Failing to regularly wash your feet can allow odor-causing bacteria and fungi to flourish. Likewise, not properly drying between the toes after bathing can trap moisture and lead to infections. Shoes and socks that are infrequently washed also harbor microbes.

Get into the habit of washing and fully drying your feet daily. Use antibacterial soap and rotate pairs of shoes to allow them to dry fully between wears. Disinfect socks in hot water or bleach. These simple hygiene steps go a long way in preventing smelly feet.

Hyperhidrosis

Hyperhidrosis is a condition marked by excessive sweating beyond what’s needed to regulate body temperature. People with hyperhidrosis of the feet often complain of sweaty, stinky feet no matter what they try. The sweat creates an environment where bacteria can multiply.

Prescription antiperspirants containing aluminum chloride can help reduce sweating. Iontophoresis treatments and Botox injections are other therapies for hyperhidrosis. Absorbent foot powders can help keep feet dry. Wearing moisture-wicking socks can also help. In severe cases, surgical procedures may be an option.

Poor Circulation

Peripheral arterial disease, a circulatory condition, can decrease blood flow to the feet. This impairs the body’s ability to heal skin wounds and fight infection on the feet. As a result, people with PAD often experience excess skin buildup, sores, fungi and foot odor.

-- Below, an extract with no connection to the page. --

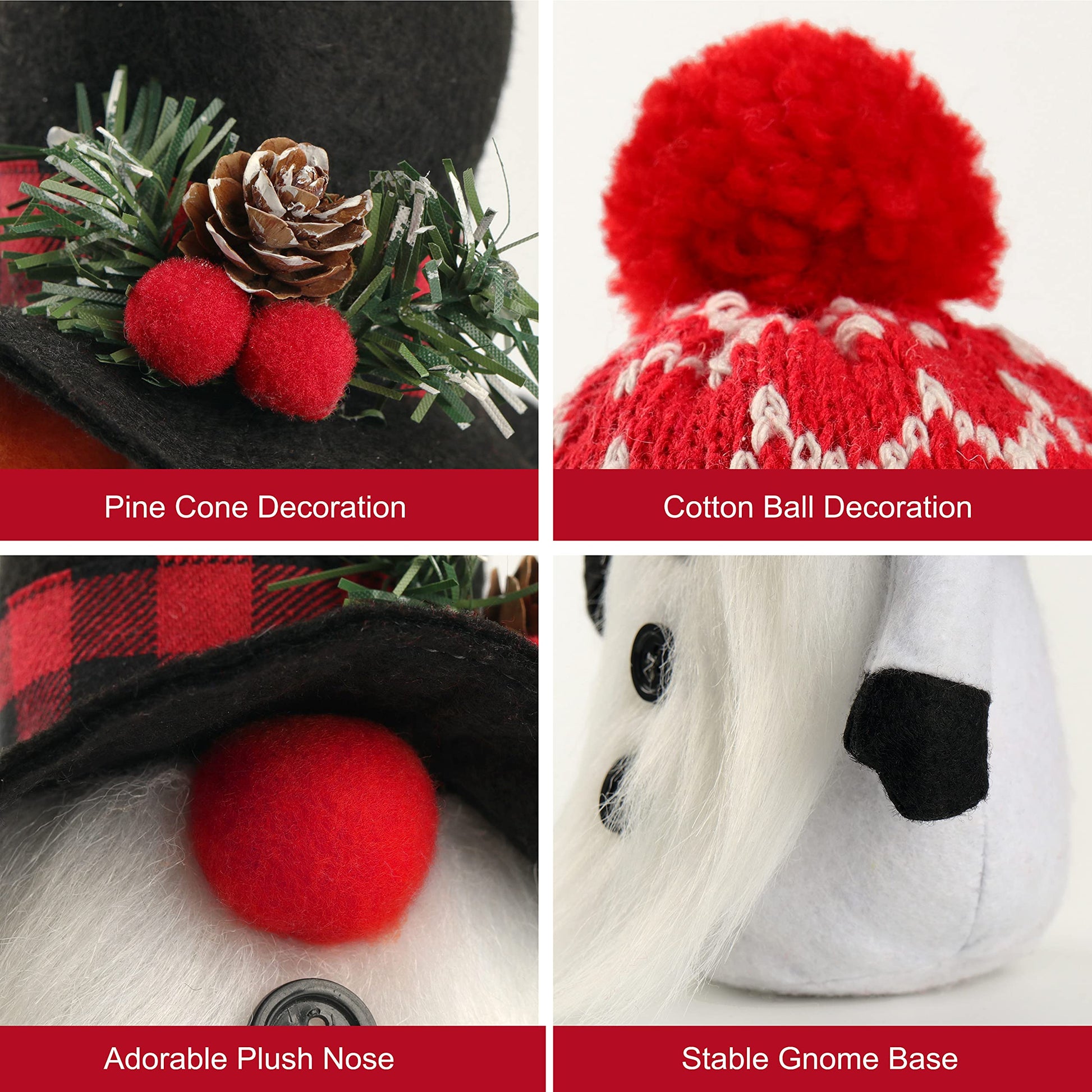- Adorable Design - Handcrafted. The Gnomes feature long plush white beard&hair and red plush nose. Snowman shape,snow shovel ,red and black plaid scarf , red bow tie hair rope add festive atmosphere. The size is about 7.3 inches tall from hat top to bottom, perfect addition to the Christmas collection.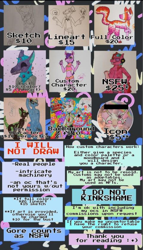 This doesn't load properly on mobile, so if you can't see the whole image DM me for my prices!

Daily foot care is important for improving circulation issues. Keep feet clean and moisturized to prevent cracking. Avoid going barefoot. Follow your doctor’s advice for managing PAD risk factors like smoking, high blood pressure, high cholesterol and diabetes. Compression stockings can also aid circulation.

Clogged Glands

The tiny sweat glands on the bottom of the feet can become clogged with dead skin cells and debris. This causes yellowish bumps called plantar filiform papillae. When the sweat can’t get out, it gets trapped within the glands and causes a funky odor.

Exfoliating the feet with a scrub brush or foot file removes dead skin and opens clogged glands. Soak feet first to soften skin. Don’t aggressively scrub or pick at feet, which can damage skin. An over-the-counter liquid callus remover with alpha hydroxy acid can also break down thick, smelly buildup on soles.

New Shoes

That “new shoe smell” some people love is actually caused by chemicals used in shoe manufacturing. Adhesives, dyes, finishes and other substances can cling to the insides of shoes. As you wear the shoes, friction releases these smells. The same goes for retained odors if shoes aren’t properly cleaned and dried between wears.

Before wearing new shoes, air them out outside or spray the insides with a diluted white vinegar solution to help neutralize odors. When breaking in shoes, wear them for short periods, allowing them to fully dry out each time. Proper shoe hygiene, including periodic washing, can prevent lingering smells. If the irritating smell continues, try a different shoe brand.

Infections

Skin conditions like warts, corns and ingrown toenails are prone to secondary bacterial and fungal infections. The infections thrive in the moist, dark environment inside shoes and socks. Ingrown toenails in particular smell unpleasant when infected.

See a podiatrist for stubborn warts, corns, ingrown nails and any other foot infections. They can properly diagnose, treat and remove any problematic tissue. Keep the feet clean and dry to prevent future infections. Disinfect socks and shoes and allow feet plenty of open air time.

Offensive foot odor, especially when chronic or combined with other symptoms, can negatively impact quality of life. Don’t brush it off − consult a podiatrist or dermatologist to discover the underlying cause. Proper treatment can banish the smell and get your feet fresh again. With consistent foot care, you can keep odor at bay and step out with confidence.